`Phenomenal!” says Paul James, self-proclaimed “Gardener Guy” and host of Home & Garden Television’s (HGTV) “Gardening by the Yard” and “Paul James’ Home-Grown Cooking.”
“It’s unbelievable. I did a seminar last Saturday, and there were a thousand people. They’re all chanting my name, and I’m thinking to myself, `Wait a minute, I’m just a gardener!’ “
These days, it seems the only thing gardeners like better than getting their hands dirty is to watch other people do it on television. It’s a far cry from the days when PBS’ “The Victory Garden”–which began in 1975 at the height of the back-to-nature movement–had the field practically to itself. In syndication and on cable, shows featuring gardens and gardening advice are popping up like, well, dandelions in an April lawn.
And you don’t need a half-acre under cultivation to tune in.
“It doesn’t matter how big your garden is,” says Roger Swain, host of “The Victory Garden.” “The difference is whether you have a garden or no garden. The single window box filled with herbs gives you your place in the sun. It can be a single African violet on the window of a nursing home, is the way I like to put it.”
But why all the fuss over digging in the dirt?
“The attraction of gardening is it’s meaningful work,” says Swain, who presides over “The Victory Garden” (5 a.m. Mondays on WTTW-Ch. 11; older shows air on HGTV) from the show’s “suburban garden” (actually producer Russ Morash’s Boston back yard). “It connects you with some primitive, basic and delightfully satisfying bits of our history. Putting the seed in the ground, growing the plant, putting the food on the table, that’s where gardening began.”
“I don’t know where it all began,” says James, “or how it got into my soul, but I can tell you that it’s so firmly embedded that I can’t imagine life without gardening. I bought my first house in 1978, and before I had even unpacked the boxes, I was out creating a vegetable garden.”
Despite all the work, James insists gardening can be fun. That’s what he pitched to HGTV when he wanted to go national after years of being the “Gardener Guy” for KOTV, the CBS affiliate in Tulsa, Okla., where “Gardening by the Yard” (7 p.m. Tuesdays; 10:30 a.m. weekends) is still filmed (in James’ back yard–there seems to be a trend here).
“I think Roger Swain is much more knowledgeable than I,” James admits, “but what I think I’ve done differently for gardening programming is to introduce the `wack factor’: Keep it light, keep it very loose and have fun with it.”
James writes his own scripts, sandwiching solid advice between sight gags, puns and goofy jokes. A natty suburbanite in a polo shirt, shorts, glasses and Teddy Roosevelt mustache, James is a contrast to Swain, whose long beard and plaid shirts evoke a folksy flavor. But there are no rules about what gardeners have to look like, or what they have to plant. Some gardeners even seem a little confused.
“Everyone in the North wants an English perennial garden,” says Swain. “I just spent some time down in Georgia and points south, where it seems that everybody wants a New England cottage garden. They would love to have one of those gardens you find in Bar Harbor, Maine, but it doesn’t do very well in Savannah.

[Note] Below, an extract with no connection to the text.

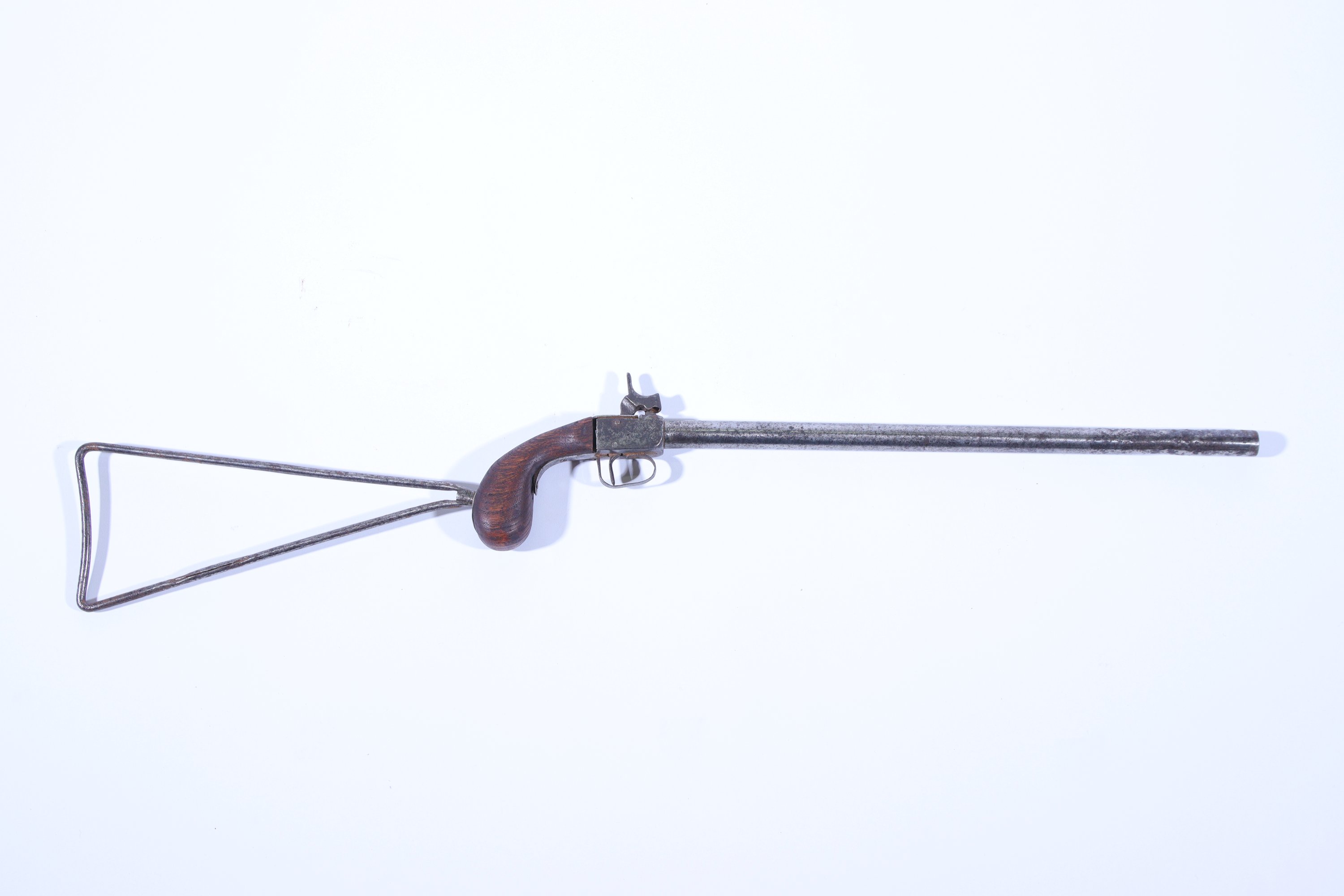 Canon rond. Crosse en noyer avec crosse squelette en fer.

But things are changing. “I am encouraged by the growth in the native-plant movement,” says Swain. “After hundreds of years touring the world looking for exotics and dragging them from other continents to plant in your garden, people are suddenly starting to look in their own back yard.”
What about folks who don’t even have a yard? “I think those people are often overlooked by TV gardeners in that millions of people live in apartments and condominiums, where maybe all they’ve got is a terrace with no soil,” James says. “I’ve addressed those issues by talking about growing in containers.”
But whatever size your garden is, Swain insists that the point of having a garden is to be in it. “The best fertilizer for a garden is the gardener’s shadow. Rather than looking at gardens as low-maintenance, you should look at them as enjoyable time. To race through your garden and then go to the exercise club strikes me as nutso.”
Children can even be lured away from video games, if you know how.
“Mudpies,” says James, a husband and father, “that’s my first step. First you play in the mud, get the kids to get an affinity for the dirt–which is easy, I think they’re genetically hardwired to appreciate dirt–then make mudpies. Go out and start collecting flowers and leaves and cool stuff out in the garden and slap them in the mudpie. That’s a great way to get kids started. Then let them grow what they like.”